AGCB97, If you need a diagram for another model or module, let me know.  It could be the easiest solution to let GM do all the work and just adapt.


----------



## AGCB97 (Jan 14, 2022)

I found a DPDT relay. Now trying to get my head around how to hook it up


----------



## AGCB97 (Jan 14, 2022)

This seems right?  EDIT but doesn't work any better


----------



## davek181 (Jan 14, 2022)

Hard to tell without the rest of the circuits how you are controlling the blip relay.  You only want the blip relay to come on and power the motor only when the switch is turned off.  It then powers the motor till the blip.


----------



## AGCB97 (Jan 14, 2022)

Here's the latest drawing. 
Main relay is activated when on LO or through timer relay.
When switch is off, main relay deactivates and applies power through NC contact to blip relay.
Blip relay keeps + voltage to LO motor wire through NC contact.
12 volts from motor blip contact activates blip relay thereby removing 12 volts from motor LO.
The other pole of blip relay will short out motor + and - wires.

I really think the blip being too short is the problem and causes the motor to overrun and keep going.

I'll get this to work one way or another even if I need to modify something!

Thanks
Aaron


----------



## davek181 (Jan 14, 2022)

Looks like it should work alright.  Need to lengthen the blip or speed up the switching, or slow the motor.  Is the testing done with wiper drag on the window?  Sometimes the conventional style wiper motors will overshoot without the drag.


----------



## AGCB97 (Jan 15, 2022)

Finally got it to work with all features as it should.

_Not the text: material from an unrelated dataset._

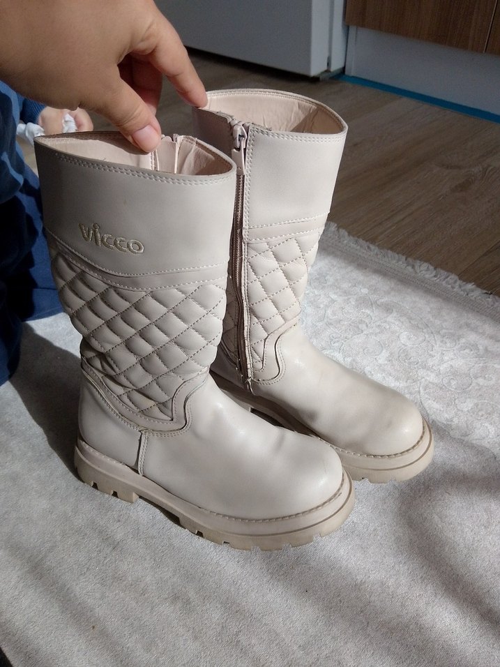 Bej renkli deri kız çocuk botları fermuarlı ve kapitone detaylıdır, trend sokak tarzı için uygundur.

Switched out blip contacts for a micro switch (a little hack job ).  Also had to use both poles of the rotary switch to make hi speed work w/o interference from park relay. I wouldn't do it like this on my car, but this is only a homemade tractor
Thanks for the help from all who did. I really appreciate it!
Aaron


----------



## davek181 (Jan 15, 2022)

Good job of thinking it through.  With the microswitch you basically converted it to old school type wiper motor.  Glad you got it done.


----------